Ownership of the hospital was transferred to the Quinta do Tanque, a former Jesuit hospital, on August 27, 1787; it now belongs to the Federal University of Bahia.

==Location==

The Chapel of Saint Lazarus is located on a high point in the Federação neighborhood on a hill known as Colina de São Lázaro (Saint Lazarus Hill). It has a view of the Atlantic Ocean and the entrance to the Bay of All Saints. The chapel once sat in a rural area, but is now surrounded by urban sprawl.

==Structure==

The Chapel of Saint Lazarus consists of a single nave with an asymmetrical floor plan. A single gallery was added to the nave after the construction of the nave. The chapel has a small sacristy that opens to the chancel; it has a high altar, chancel arch, and two lateral altars. A single, simple bell gable was added to the left of the façade. The chapel has a simple, triangular pediment with an oculus, a feature of Jesuit churches of the early colonial period in Brazil. The chapel has a single stone portal which opens to a stone forecourt surrounded by stairs. Two windows are located at the choir level.

==Festivals==

===Festa de São Lázaro===

The Festival of Saint Lazarus (Festa de São Lázaro) is celebrated on the last Sunday of January. An image of Saint Lazarus is processed through the neighborhood after a mass. Candomblé adapts was the staircase and forecourt of the chapel and light candles in honor of the orixá Babalú-Ayé, or Omolu. Members of the community are then blessed by showers of popcorn by Candomblé priestesses.

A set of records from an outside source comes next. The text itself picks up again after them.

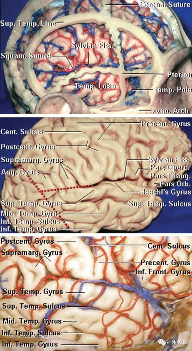 下图: Postcent. Gyrus = 中央后回;Supramarg. Gyrus = 缘上回;Sup.Temp. Gyrus = 颞上回;Sup. Temp. Sulcus = 颞上沟;Mid. Temp. Gyrus = 颞中回;Mid. Temp. Sulcus = 颞中沟;Inf. Temp. Sulcus = 颞下沟;Inf.Temp. Gyrus = 颞下回;Cent. Sulcus = 中央沟;Precent. Gyrus = 中央前回;Inf. Front. Gyrus = 额下回
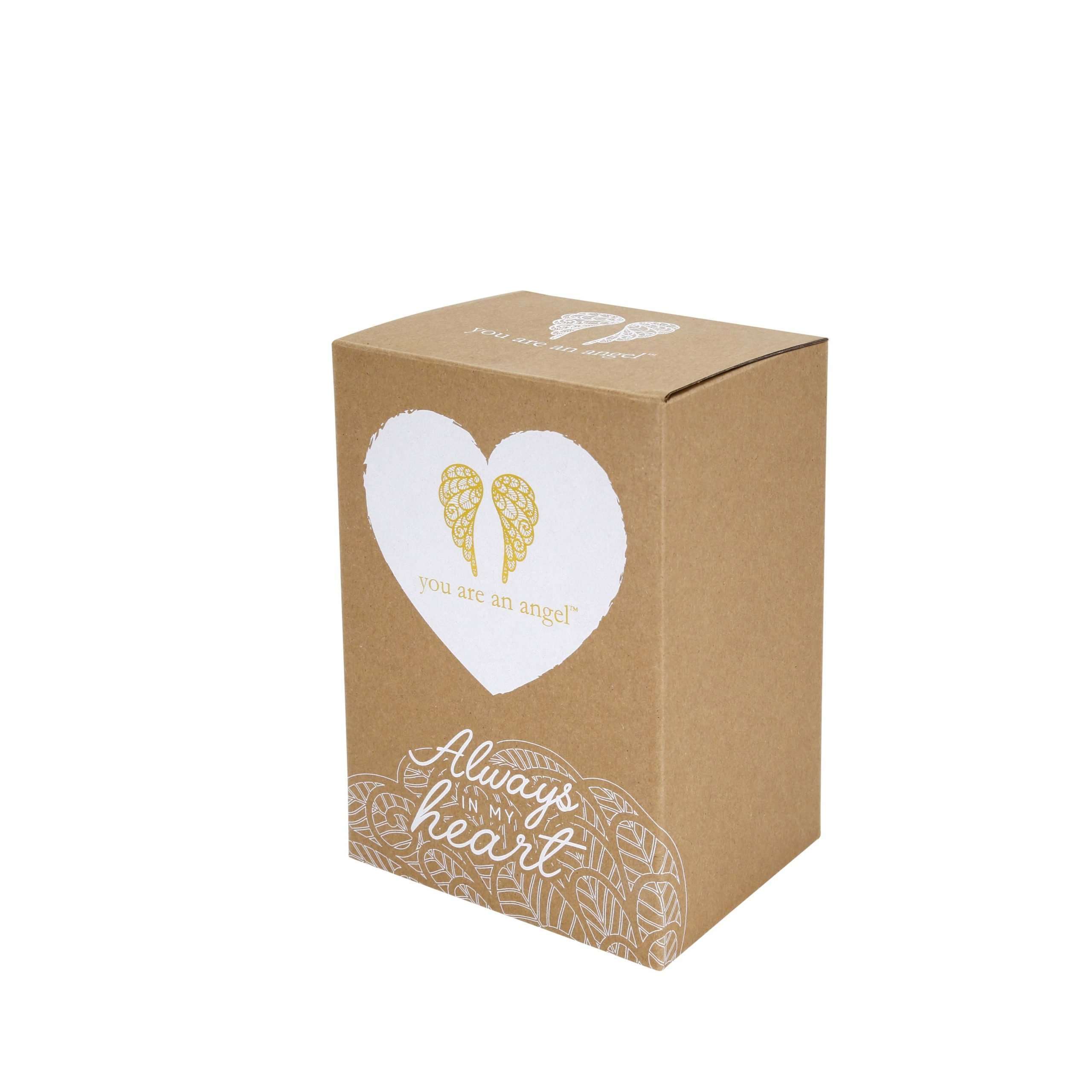 Moulded polyresin with metal wings, heart- shaped metal charm with debossed sentiment and jewel embellishments. Charm/wing colours are silver, matt gold or matt rose gold. Wings are laser cut.
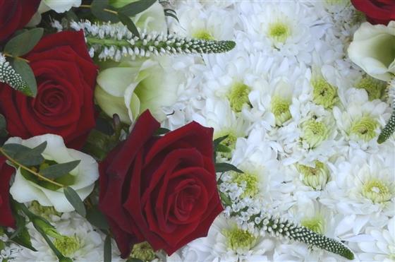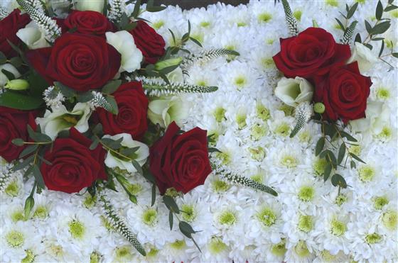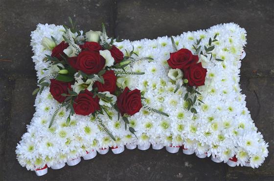 The traditional tribute is created using a white chrysanthemum base and a spray of flowers as pictured or in your choice of colours. Choose between a foliage or ribbon surround.
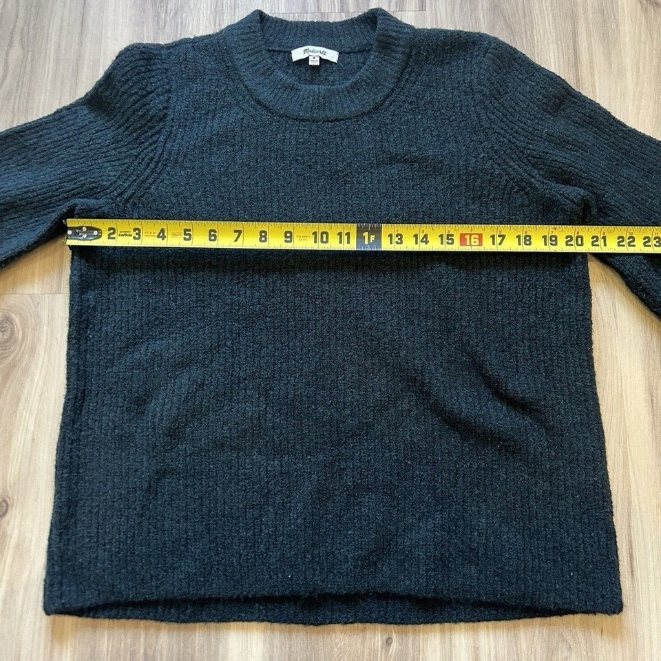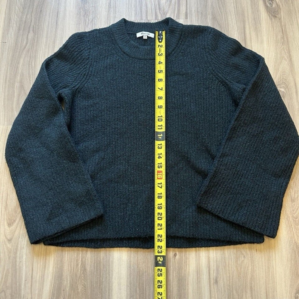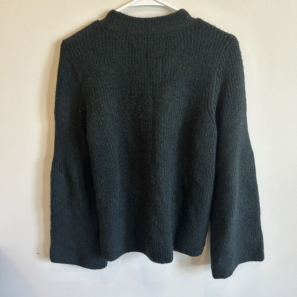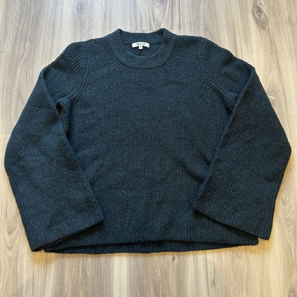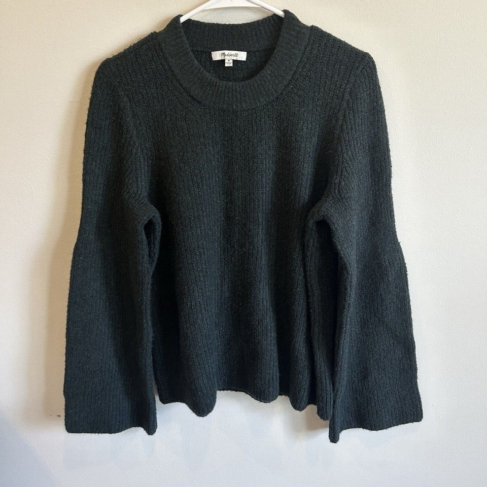 * Madewell crew neck sweater with bell sleeves * Material: 40% Nylon, 33% Acrylic, 25% Merino Wool, 2% Elastane * Size: M * Color: Spruce Green (I would describe it as a very rich bluish green) * Item is in great condition - no stains, rips, tears or holes * See photos for complimentary measurements and more information * Any questions, please ask Item ships securely via USPS Ground Advantage unless buyer would prefer to expedite for an additional cost.
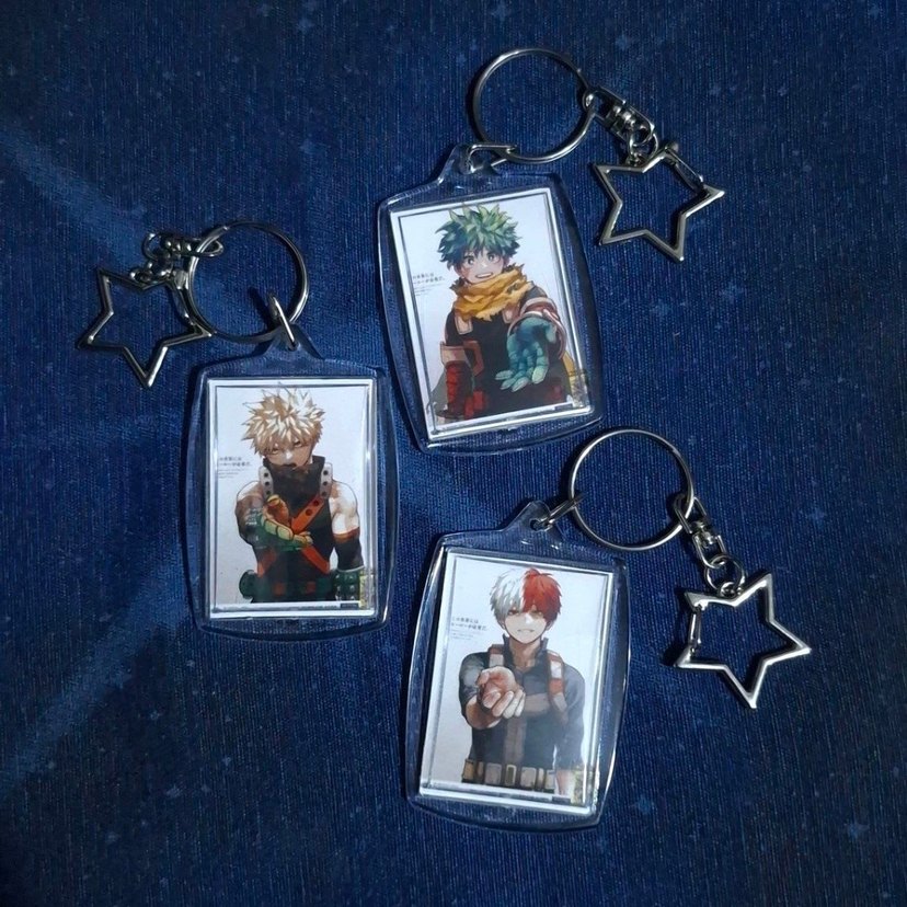 YENI ILAN ACTIRIN‼️My Hero Academia'dan Katsuki Bakugo, Izuku Midoriya ve Shoto Todoroki Official poster temalı anahtarlıklar. Adet fiyatı: 140tl Yıldız Clipssiz: 115tl. Isteğe özel fotoğraflar da basılabilir, fiyatta değişim olmayacaktır. Tags: Mha, anime, manga, hero, süper kahraman, kahraman, student, öğrenci, key, anahtarlık, anahtar, charm, yıldız, star, deku, çilek, pembe, turuncu, yeşil, karo, desen, mektup, aesthetic, estetik, kırmızı, red, kız arkadaş, erkek arkadaş, gift, hediye, yılbaşı, sevgililer günü, couple
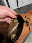The elastic on one buckle is cracking on one shoe. Slit in heel shown in pics. Step into comfort and style with these Earth Shoe Hickory clog mules. Crafted from high-quality leather, these shoes feature a buckle accent and a square toe design. The low wedge heel provides a comfortable fit, while the cushioned insole and leather lining ensure all-day wearability. These brown clogs have a retro hippie vibe that's perfect for any casual occasion. The standard shoe width and US size 7.5 make them a great addition to any wardrobe. Whether you're going for a bohemian look or simply want to add some comfort to your day, these Earth Shoe Hickory clogs are the perfect choice.
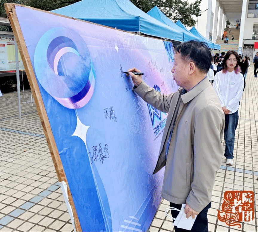 传媒与新闻学院院长钟毅出席本次活动并在活动板上签字

===Festival of Saint Roch and Obaluaê===

The Festival of Saint Roch and Obaluaê (Festa de São Roque e Obaluaê) takes place on August 16. The image of Saint Roch, the secondary saint of the chapel, is processed through the neighborhood after a mass from the chapel to the Campo Santo Cemetery. Both the Saint Roch and the Candomblé orixá Obaluaê, or "old Omolu", are protectors from infectious diseases.

==Protected status==

The Chapel of Saint Lazarus is listed as a historic structure by the Instituto do Património Artístico e Cultural da Bahia.

==Access==

The Chapel of Saint Lazarus is open to the public and may be visited.